Уговаривая Нину, сердясь на нее, Ольга думала, что на ее месте она, скорее всего, поступила бы точно так же — плюнула бы на эти квадратные метры и ушла в общежитие. Впрочем, зачем в общежитие? Можешь жить у меня сколько тебе угодно…

Ольга поднялась к Ильину, но секретарша сказала, что у него люди; заходить второй раз было уже неудобно, она позвонила — Ильина не было на месте… Обычная история: закрутился, забыл, что хотел встретиться. Тревога за Ильина прибавилась к тревоге за Нину, но ждать Ильина Ольга не могла. Надо было решать как можно скорее — согласится ли Водолажская на размен или все-таки будет суд.
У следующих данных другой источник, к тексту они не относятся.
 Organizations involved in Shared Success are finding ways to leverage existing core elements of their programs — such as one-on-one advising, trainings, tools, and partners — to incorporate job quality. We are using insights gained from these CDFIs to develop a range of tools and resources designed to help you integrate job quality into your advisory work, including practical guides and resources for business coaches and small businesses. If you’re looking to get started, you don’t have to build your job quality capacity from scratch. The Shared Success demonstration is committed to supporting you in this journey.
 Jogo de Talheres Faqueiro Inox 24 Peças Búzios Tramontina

Она поехала к Водолажской.

Хотя три года назад, на свадьбе Нины, Екатерина Петровна и приглашала ее заходить домой или на работу — в буфет Дворца культуры, — Ольга так и не виделась с ней ни разу. Зачем? Плохой человек, плохие воспоминания… Конечно, годы не могли сделать ее лучше. Ольгу передергивало, когда она припоминала последние слова того приглашения: «Посидим, поговорим… У меня и дефицитик бывает».

Сегодня у Водолажской был выходной день — об этом сказала Нина. Лучшего времени не найти.
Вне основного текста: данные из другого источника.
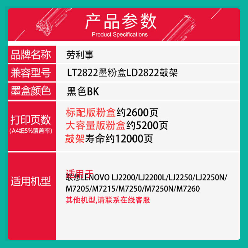 M7250 劳利事适用联想LD2922硒鼓 M7215 M7205 LJ2200 LT2822粉盒
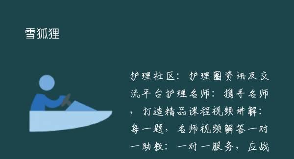 护理社区:护理圈资讯及交流平台护理名师:携手名师,打造精品课程视频讲解:每一题,名师视频解答一对一助教:一对一服务,应战护考海量题库:电脑网页版、手机APP、微信版人机对话:模
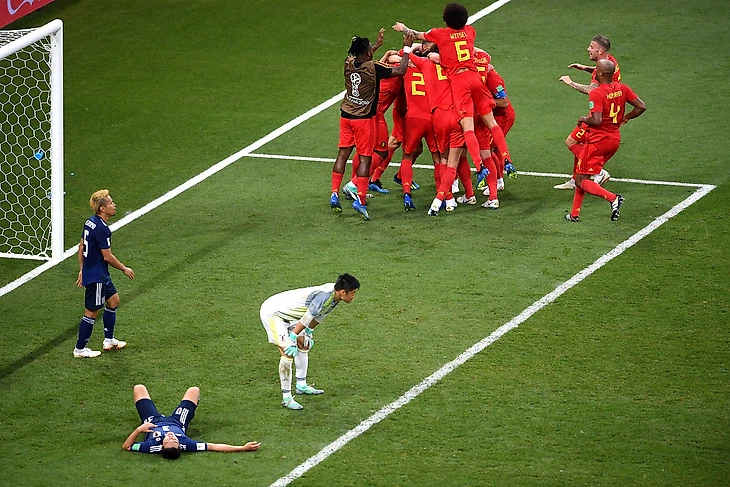 Одним из самых ярких матчей прошедшего Чемпионата Мира в России стала игра в Ростове-на-Дону между сборными Бельгии и Японии. Бельгийцы считались явными фаворитами и уже мысленно продвигали себя в четвертьфинал. Япония же имела совсем другие планы. Легкой прогулки для подопечных Роберто Мартинеса не получилось. К перерыву на табло горели скучные 0:0, но это была именно та ситуация, когда счет никак не отражал интересность матча. Японские «Самураи» после перерыва уже на 48-й минуте ошарашили весь футбольный мир: после ошибки Яна Вертонгена Генки Харагути открыл счет. Буквально чрез четыре минуты Такаси Инуи отличным ударом из-за штрафной удвоил преимущество, заставив молчать всю Бельгию. Правда, Японская сказка на этом закончилась. Бельгия обрушила на соперника всю свою мощь. На 69-й минуте забил, отличившийся с отметкой минус в первом голе Японцев, Ян Вертонген. Еще через 5 минут, после навеса Азара, Маруан Фелайни восстанавливает статус-кво. Не раз пришлось выручать свою команду вратарю Эйдзи Кавасиме, но даже он не смог спасти команду от поражения. За 25 секунд до окончания основного времени Бельгия провела молниеносную атаку, которую завершил Насер Шадли. 3:2 – Бельгия прошла в четвертьфинал Чемпионата Мира, по итогу которого завоевала бронзовые медали.
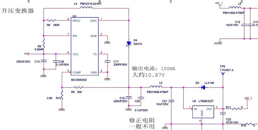 问题:MC33063外围电路上的电感有很大的啸叫声,先前测试出MC33063的PIN1(CH1)&PIN8(CH2)&PIN3(CH3)输出波形不是很稳定,本来以为是工作不稳定导致电感啸叫,但是通过调整CT的大小,测试得到满意的结果,现在从测得波形可以看出电路工作是稳定的,可是为什么电感还会啸叫?
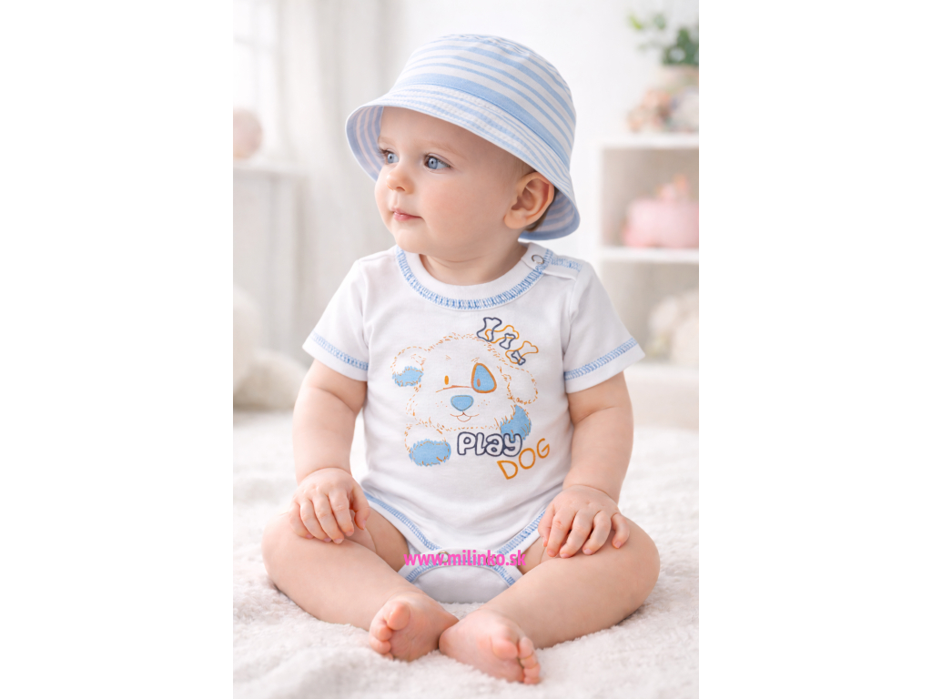 Detské body s krátkym rukávom zdobené potlačou. Body pre bábätká sú vyrobené z kvalitného mäkkého materiálu, pri krku so zapínaním na patenty. Krátko rukávové body je vhodné do teplého letného počasia, ľahko sa kombinuje s iným detským oblečením. Obľúbené oblečenie skombinujte s legínami pre deti, polodupačkami, alebo šatočkami.

Прежде чем открыть, Екатерина Петровна спросила, кто там, потом все-таки приоткрыла дверь на цепочку, и в узкой дверной щели Ольга увидела ее настороженные, недоверчивые глаза. Ее не обманула ни последовавшая затем улыбка, ни суетливые слова: «Наконец-то прилетела, ласточка ты моя!», которые, впрочем, тут же сменились на деловые: «Только сапожки сыми, у меня полы натертые». Все это не обмануло Ольгу потому, что взгляд у Екатерины Петровны был по-прежнему недобрый и настороженный.

Она пригласила Ольгу в комнату, сама пошла впереди — маленькая, рыхлая, в замусоленном халатике и с чалмой из полотенца на голове, из-под которой торчали мокрые огненно-рыжие пряди: должно быть, только что красилась.

— Садись, ласточка, — сказала она. — Будь как дома. Я чайку сварганю. А может, чего покрепче для встречи, а? Ведь сколько опять не виделись!

— Нет, спасибо, — сказала Ольга, — ничего не надо. Я ведь по делу.

— Да знаю я твое дело! — махнула рукой Екатерина Петровна, как бы давая понять: зачем тебе это? — Успеем еще с делами-то, милая. От дела сохнет тело. А у меня, между прочим, даже севрюжка найдется, и армянского могу накапать. Так как? С дела начнем или посидим рядком, поговорим ладком?